### Dataset
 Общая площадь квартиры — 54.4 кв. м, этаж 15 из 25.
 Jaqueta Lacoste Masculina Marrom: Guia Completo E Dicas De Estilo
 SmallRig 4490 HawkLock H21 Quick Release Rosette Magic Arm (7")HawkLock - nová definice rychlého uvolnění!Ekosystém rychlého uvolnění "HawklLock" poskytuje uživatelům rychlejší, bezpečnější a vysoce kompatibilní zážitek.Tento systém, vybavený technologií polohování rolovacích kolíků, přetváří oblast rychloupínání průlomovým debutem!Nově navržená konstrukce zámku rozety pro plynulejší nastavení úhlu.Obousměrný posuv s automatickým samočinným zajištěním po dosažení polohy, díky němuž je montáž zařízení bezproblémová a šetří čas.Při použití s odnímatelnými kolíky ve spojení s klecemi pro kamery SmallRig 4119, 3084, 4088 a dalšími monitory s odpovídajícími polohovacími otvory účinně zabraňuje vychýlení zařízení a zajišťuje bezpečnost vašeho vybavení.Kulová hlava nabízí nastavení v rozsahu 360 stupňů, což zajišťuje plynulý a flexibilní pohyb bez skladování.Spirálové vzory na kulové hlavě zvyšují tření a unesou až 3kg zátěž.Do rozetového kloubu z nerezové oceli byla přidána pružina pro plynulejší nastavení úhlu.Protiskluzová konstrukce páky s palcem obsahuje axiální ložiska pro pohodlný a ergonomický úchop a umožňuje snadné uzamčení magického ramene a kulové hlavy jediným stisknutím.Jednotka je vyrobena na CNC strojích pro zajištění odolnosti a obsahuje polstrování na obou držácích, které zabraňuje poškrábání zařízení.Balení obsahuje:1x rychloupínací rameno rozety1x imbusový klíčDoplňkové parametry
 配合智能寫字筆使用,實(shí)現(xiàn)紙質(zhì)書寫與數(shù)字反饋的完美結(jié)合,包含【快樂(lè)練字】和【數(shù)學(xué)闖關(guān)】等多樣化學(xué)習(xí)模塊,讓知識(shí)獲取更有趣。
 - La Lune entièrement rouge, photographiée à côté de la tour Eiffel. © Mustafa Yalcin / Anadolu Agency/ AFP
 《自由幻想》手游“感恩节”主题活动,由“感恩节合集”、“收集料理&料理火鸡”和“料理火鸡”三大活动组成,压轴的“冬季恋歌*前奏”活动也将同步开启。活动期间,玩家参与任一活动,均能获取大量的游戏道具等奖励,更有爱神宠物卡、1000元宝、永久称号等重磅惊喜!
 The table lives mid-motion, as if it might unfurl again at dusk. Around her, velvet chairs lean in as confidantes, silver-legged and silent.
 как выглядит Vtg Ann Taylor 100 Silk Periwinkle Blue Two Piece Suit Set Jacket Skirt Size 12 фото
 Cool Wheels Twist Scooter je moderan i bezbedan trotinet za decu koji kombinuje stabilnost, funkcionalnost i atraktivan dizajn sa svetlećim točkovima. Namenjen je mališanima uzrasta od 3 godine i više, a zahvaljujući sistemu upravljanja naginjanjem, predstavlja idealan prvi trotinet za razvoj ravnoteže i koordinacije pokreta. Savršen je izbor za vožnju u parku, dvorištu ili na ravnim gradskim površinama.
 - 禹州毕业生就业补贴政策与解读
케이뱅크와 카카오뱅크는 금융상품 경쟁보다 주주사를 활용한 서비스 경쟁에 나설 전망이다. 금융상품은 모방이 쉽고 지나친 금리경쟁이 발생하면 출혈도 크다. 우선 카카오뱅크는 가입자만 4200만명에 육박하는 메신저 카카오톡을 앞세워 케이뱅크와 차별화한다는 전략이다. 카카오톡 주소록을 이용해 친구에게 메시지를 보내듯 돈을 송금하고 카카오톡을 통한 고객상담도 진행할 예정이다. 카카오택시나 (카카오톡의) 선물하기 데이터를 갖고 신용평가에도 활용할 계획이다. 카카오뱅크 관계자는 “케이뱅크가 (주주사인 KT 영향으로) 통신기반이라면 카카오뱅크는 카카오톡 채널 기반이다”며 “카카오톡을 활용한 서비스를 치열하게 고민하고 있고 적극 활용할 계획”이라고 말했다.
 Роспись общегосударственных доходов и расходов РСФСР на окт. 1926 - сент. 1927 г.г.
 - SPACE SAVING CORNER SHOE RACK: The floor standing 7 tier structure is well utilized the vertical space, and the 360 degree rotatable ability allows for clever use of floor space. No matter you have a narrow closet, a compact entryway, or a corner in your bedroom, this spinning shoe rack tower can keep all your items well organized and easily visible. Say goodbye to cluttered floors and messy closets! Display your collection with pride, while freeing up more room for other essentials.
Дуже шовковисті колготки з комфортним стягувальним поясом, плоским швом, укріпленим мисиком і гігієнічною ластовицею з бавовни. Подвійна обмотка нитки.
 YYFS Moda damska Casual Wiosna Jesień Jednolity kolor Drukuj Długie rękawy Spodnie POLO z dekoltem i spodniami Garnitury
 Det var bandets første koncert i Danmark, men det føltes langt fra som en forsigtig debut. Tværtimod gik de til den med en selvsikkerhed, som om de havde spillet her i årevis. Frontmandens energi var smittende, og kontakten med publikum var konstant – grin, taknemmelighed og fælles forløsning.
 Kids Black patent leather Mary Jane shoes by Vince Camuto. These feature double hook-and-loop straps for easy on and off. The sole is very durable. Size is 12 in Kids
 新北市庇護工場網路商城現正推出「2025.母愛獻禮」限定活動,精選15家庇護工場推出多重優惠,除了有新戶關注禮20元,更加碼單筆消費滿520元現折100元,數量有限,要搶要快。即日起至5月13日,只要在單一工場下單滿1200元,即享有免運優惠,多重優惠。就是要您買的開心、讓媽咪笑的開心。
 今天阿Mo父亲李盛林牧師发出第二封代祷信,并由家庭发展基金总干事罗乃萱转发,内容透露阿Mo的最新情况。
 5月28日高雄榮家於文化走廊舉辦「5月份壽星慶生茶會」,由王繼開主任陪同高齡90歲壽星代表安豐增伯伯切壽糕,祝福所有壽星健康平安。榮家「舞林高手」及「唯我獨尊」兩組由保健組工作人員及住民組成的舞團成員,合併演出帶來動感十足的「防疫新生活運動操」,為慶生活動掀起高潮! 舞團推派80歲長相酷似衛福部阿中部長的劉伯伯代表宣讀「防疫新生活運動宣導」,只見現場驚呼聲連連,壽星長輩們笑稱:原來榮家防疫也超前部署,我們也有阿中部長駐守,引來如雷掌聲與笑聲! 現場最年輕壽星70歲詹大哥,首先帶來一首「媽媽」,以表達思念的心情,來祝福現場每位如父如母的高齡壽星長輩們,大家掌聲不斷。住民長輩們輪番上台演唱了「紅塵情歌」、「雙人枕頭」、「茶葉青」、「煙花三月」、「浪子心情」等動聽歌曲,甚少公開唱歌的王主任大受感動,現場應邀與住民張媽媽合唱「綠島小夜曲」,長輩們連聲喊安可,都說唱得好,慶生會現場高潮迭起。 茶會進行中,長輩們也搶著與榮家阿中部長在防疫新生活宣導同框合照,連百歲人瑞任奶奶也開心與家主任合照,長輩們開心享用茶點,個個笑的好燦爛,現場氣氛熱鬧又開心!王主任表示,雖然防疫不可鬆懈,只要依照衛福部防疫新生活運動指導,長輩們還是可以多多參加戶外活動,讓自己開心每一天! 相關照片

### What to produce
Produce an exact copy of each line from the one holding "新北市庇護工場網路商城現正推" through the last line of the records, both included, and nothing more.

### Task output
 新北市庇護工場網路商城現正推出「2025.母愛獻禮」限定活動,精選15家庇護工場推出多重優惠,除了有新戶關注禮20元,更加碼單筆消費滿520元現折100元,數量有限,要搶要快。即日起至5月13日,只要在單一工場下單滿1200元,即享有免運優惠,多重優惠。就是要您買的開心、讓媽咪笑的開心。
 今天阿Mo父亲李盛林牧師发出第二封代祷信,并由家庭发展基金总干事罗乃萱转发,内容透露阿Mo的最新情况。
 5月28日高雄榮家於文化走廊舉辦「5月份壽星慶生茶會」,由王繼開主任陪同高齡90歲壽星代表安豐增伯伯切壽糕,祝福所有壽星健康平安。榮家「舞林高手」及「唯我獨尊」兩組由保健組工作人員及住民組成的舞團成員,合併演出帶來動感十足的「防疫新生活運動操」,為慶生活動掀起高潮! 舞團推派80歲長相酷似衛福部阿中部長的劉伯伯代表宣讀「防疫新生活運動宣導」,只見現場驚呼聲連連,壽星長輩們笑稱:原來榮家防疫也超前部署,我們也有阿中部長駐守,引來如雷掌聲與笑聲! 現場最年輕壽星70歲詹大哥,首先帶來一首「媽媽」,以表達思念的心情,來祝福現場每位如父如母的高齡壽星長輩們,大家掌聲不斷。住民長輩們輪番上台演唱了「紅塵情歌」、「雙人枕頭」、「茶葉青」、「煙花三月」、「浪子心情」等動聽歌曲,甚少公開唱歌的王主任大受感動,現場應邀與住民張媽媽合唱「綠島小夜曲」,長輩們連聲喊安可,都說唱得好,慶生會現場高潮迭起。 茶會進行中,長輩們也搶著與榮家阿中部長在防疫新生活宣導同框合照,連百歲人瑞任奶奶也開心與家主任合照,長輩們開心享用茶點,個個笑的好燦爛,現場氣氛熱鬧又開心!王主任表示,雖然防疫不可鬆懈,只要依照衛福部防疫新生活運動指導,長輩們還是可以多多參加戶外活動,讓自己開心每一天! 相關照片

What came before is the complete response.